The Hadoop Ecosystem.

Big Data is more than just the Apache Hadoop kernel; it is a collection of related projects. Some of them are mandatory (you cannot do Big Data without them) and others are optional (like data loaders and flow processing languages).

The mandatory Hadoop projects are HDFS, MapReduce and Common.  Common is a collection of components and interfaces for distributed processing and I/O. In addition to the file system itself and the language, Common implements the required components of distributed computing (autonomous computing entities with their own local memory that communicate through message passing).

There are a number of projects in the ecosystem that complement the mandatory projects. Below are some of the higher-level projects

  • ZooKeeper

A distributed coordination service.
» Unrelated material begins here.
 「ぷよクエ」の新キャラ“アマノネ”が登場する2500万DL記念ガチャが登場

HDFS relies on nodes and there is a Master “NameNode” that knows where each piece of data needed for processing resides on the file system, the “DataNodes”. The NameNode, even if it is duplicated in a Secondary NameNode is still a single point of failure. Promoting a secondary NameNode to be the primary can take hours on really large clusters.

The way that this is solved is to have a pair of NameNodes in an active-standby configuration. To make this feasible the NameNodes must each be able to share the edit log (a file that keeps track of all the changes that are made so that if needed it can be replayed to bring the system back into sync.)
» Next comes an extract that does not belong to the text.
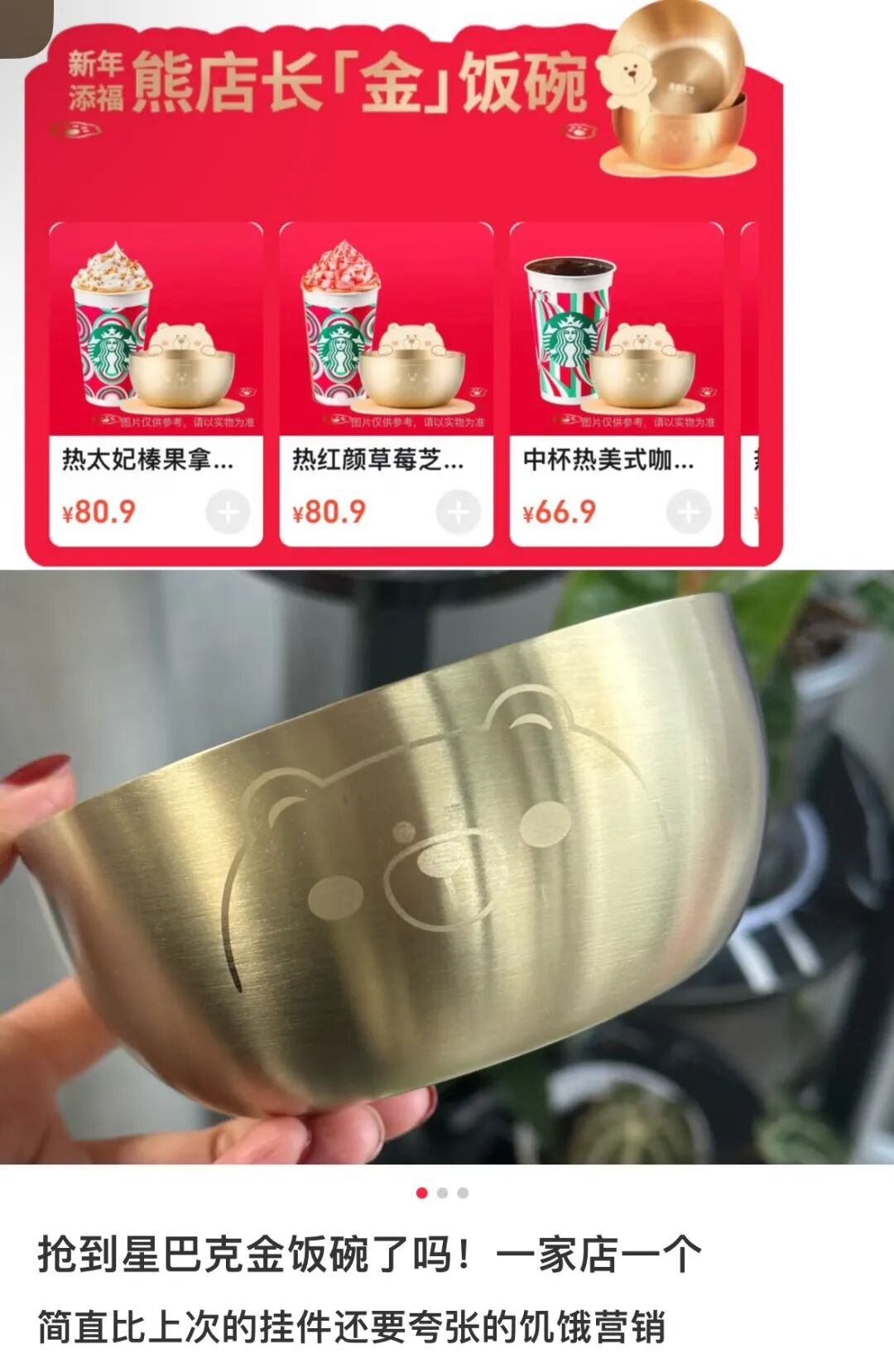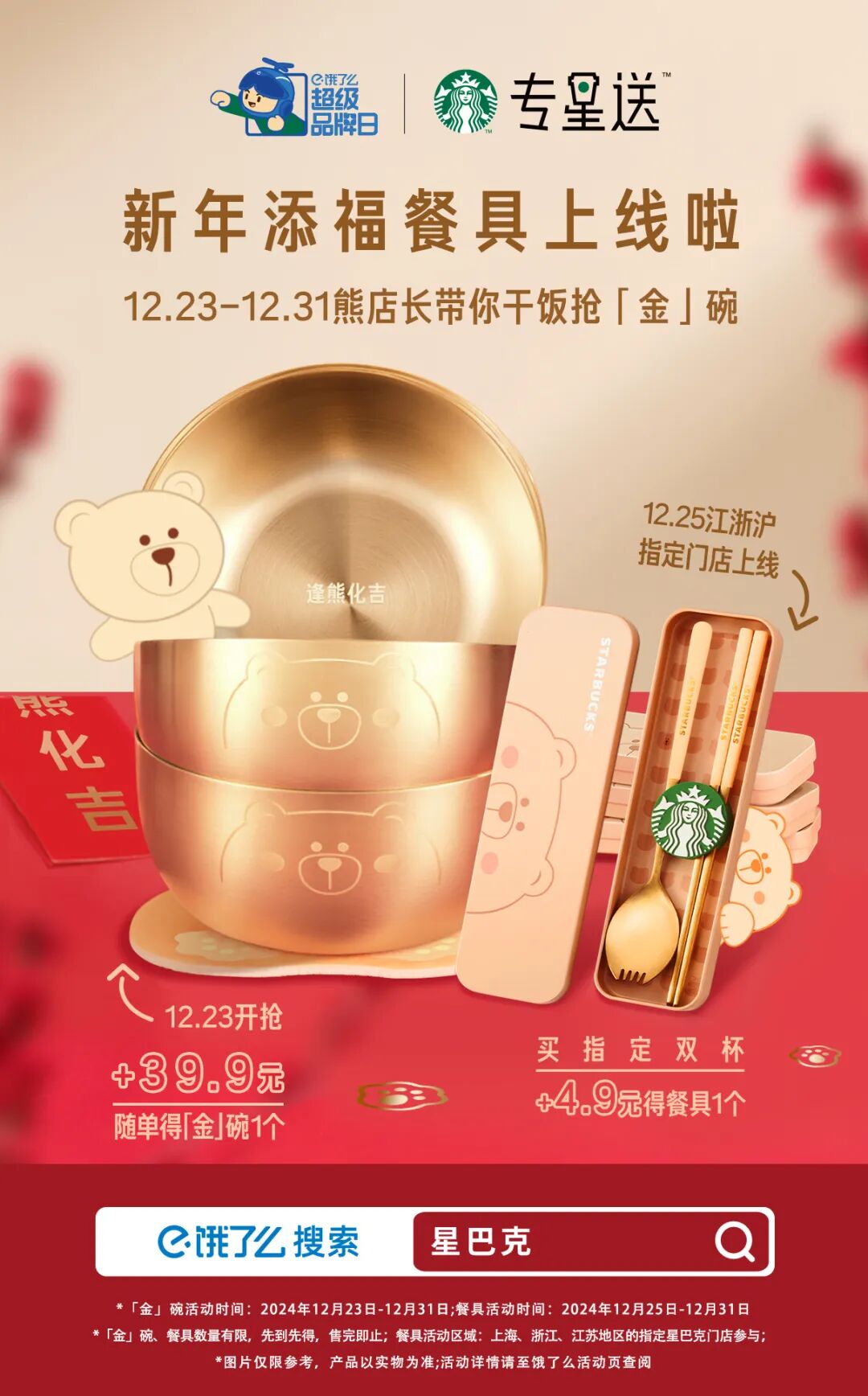 这是星巴克联合饿了么推出的新年活动,12月23日到12月31日,用户任意下单星巴克饮品,再加39.9元,就有机会抢到熊店长的添福「金」碗。
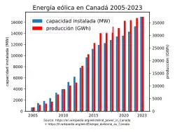 La energía eólica tiene una historia en Canadá que se remonta a muchas décadas, especialmente en las granjas de Praderas. A fecha de diciembre de 2017, la capacidad de generación de energía eólica era de 12 252 gigavatios (GW), lo que representa aproximadamente el 6 % de la demanda eléctrica de Canadá.[1]La Asociación Canadiense de Energía Eólica ha delineado una estrategia futura para la energía eólica que alcanzaría una capacidad de 55 GW para 2025, cubriendo el 20 % de las necesidades energéticas del país.[2]

To make HDFS Highly Available (HA) each DataNode will send block reports to both NameNodes (block mappings are stored in the NameNode’s memory, not on disk.)
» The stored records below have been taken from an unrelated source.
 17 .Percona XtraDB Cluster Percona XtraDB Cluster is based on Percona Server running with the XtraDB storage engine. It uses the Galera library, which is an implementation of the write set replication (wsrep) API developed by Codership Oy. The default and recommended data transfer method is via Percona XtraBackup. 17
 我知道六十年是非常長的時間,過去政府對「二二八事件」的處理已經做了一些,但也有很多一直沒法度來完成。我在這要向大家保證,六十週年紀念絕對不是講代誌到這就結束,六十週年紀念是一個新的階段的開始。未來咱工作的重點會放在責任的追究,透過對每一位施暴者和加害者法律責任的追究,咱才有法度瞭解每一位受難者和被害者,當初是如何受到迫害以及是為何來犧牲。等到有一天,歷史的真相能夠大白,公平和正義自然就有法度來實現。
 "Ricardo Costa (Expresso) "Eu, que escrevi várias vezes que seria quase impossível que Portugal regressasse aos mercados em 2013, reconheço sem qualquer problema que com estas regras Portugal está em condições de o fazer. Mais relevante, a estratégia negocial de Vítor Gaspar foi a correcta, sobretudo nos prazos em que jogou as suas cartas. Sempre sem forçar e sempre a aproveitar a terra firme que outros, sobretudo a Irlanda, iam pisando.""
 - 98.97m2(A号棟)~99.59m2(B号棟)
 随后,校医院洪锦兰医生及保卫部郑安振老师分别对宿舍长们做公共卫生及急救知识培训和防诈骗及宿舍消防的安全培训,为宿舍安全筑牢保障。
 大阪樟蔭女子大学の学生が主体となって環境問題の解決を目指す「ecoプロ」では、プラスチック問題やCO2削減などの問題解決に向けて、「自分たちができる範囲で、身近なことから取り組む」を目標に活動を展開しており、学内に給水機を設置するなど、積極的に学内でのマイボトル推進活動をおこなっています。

In this way, the standby NameNode has its namespace loaded in memory already and is servicing block requests.

To make Hadoop HA, ZooKeeper manages the shared storage that the NameNodes need to access the edit logs.

  • Hive

A Data Warehouse project. Data Warehouse systems are predominantly relational data. More and more unstructured data is being stored in no relational file systems like HDFS and organizations that have large Data Warehouse operations (Business Analysts) want to continue to use what they know but on this new rich media. The Hive project makes all your data look relational (whether it is or not) and implements an SQL dialect. This last bit (implements an SQL dialect) is being pedantic because it’s not 100% SQL, however as far as your BA’s are concerned it’s near enough for them to continue doing what they know best. Making your data look relational is a simplification and the pedantic is implements relational table abstractions.

  • HBase

Hadoop implements HDFS as a file system, but it does not have to be HDFS. HBase is an open source column oriented key value NoSQL database built on top of HDFS (so it is distributed) and supports MapReduce and good response times for point queries although it does not implement an SQL dialect. Column oriented databases have advantages over row oriented databases depending on your workload and can offer additional benefits in data compression because of their architecture. If you can design a Big Data architecture from scratch, you need to look at what type of solution it is going to be (i.e. OLAP, OLTP etc.) and how you are going to be using it.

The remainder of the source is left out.